The scope of the present study is very wide and broad. The present study is limited to the
analysis of profitability through analysis of profitability ratios, analysis of liquidity through
analysis of liquidity ratios, short term financial strength through the analysis of the management
of financial statements and analysis of long-term financial strength through the analysis of
solvency ratios. The present study covers only monetary aspects. Non-monetary aspects which
may have a significant impact on the financial performance of the FMCG Sector and selected
FMCG companies have not been covered under the present study. The present study excludes
other financial problems like capital budgeting, impact of social, economic and political
environments on the FMCG Sector, impact of government policies regarding trade and
industry, etc. It is also important to mention here that it is not the intention of the present study
to ascertain the acceptance or rejection of the various theories of financial management. The
present study covers only those FMCG companies which are listed on Bombay Stock Exchange
and National Stock Exchange. It does not cover those FMCG companies which are not listed on
Bombay Stock Exchange and National Stock Exchange. The present study is restricted to the
analysis of the financial statement of the selected FMCG companies from the point of view of
the appraisal of profitability, liquidity, short term and long-term financial strength and overall
financial performance of the FMCG Sector as well as of the selected FMCG companies. The
study only discloses the reasonableness and adequacy of working capital, long term capital and
profitability in FMCG Sector and the selected FMCG companies understudy. The study is
mainly intended to concentrate on the issues relating to the financial performance of companies
of FMCG sector of India. Financial ratios like Current Ratios, Quick Ratio, PAT Margin ratio,
EBIT Margin, Return on Capital Employed, Return on Equity, Earnings Per share, Dividend
Payout Ratio, Total Debt Equity Ratio, Interest Cover Ratios, Inventory Turnover Ratios,
Debtors Turnover Ratios, Assets Turnover Ratios, Fixed Assets Turnover Ratios, have been
covered under the present study.

Advantages of the study


1. To increase the knowledge that how company is performing in its assets and liabilities.

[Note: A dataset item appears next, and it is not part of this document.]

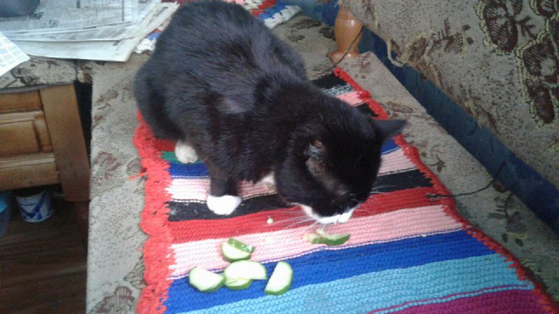 🔥Когда салат кушаю или мама начинает нарезать огурцы, то сразу прибегает кот по кличке Масаня, коротко именуем его Мося и начинает их просить себе, подтверждение тому его фотка:

2. The major advantage is consistency in finding the data of the company.

3. We can rely as financial statement gives true and fair view of the company.

4. Income statement can easily give the profitability of the company.

5. Balance sheet shows the owned and borrowed fund of the company so we can easily see
goodwill of the company outside.

Disadvantages of the company


1. It is limited to the extent of the financial statements of the company.
2. In some cases, data is missing it is unable to calculate ratio.

3. Some ratios are not been able to calculate due to missing information of data.

4. The study is limited to the financial statements of the company.

5. The ratios are not matching with the company ratio in the website.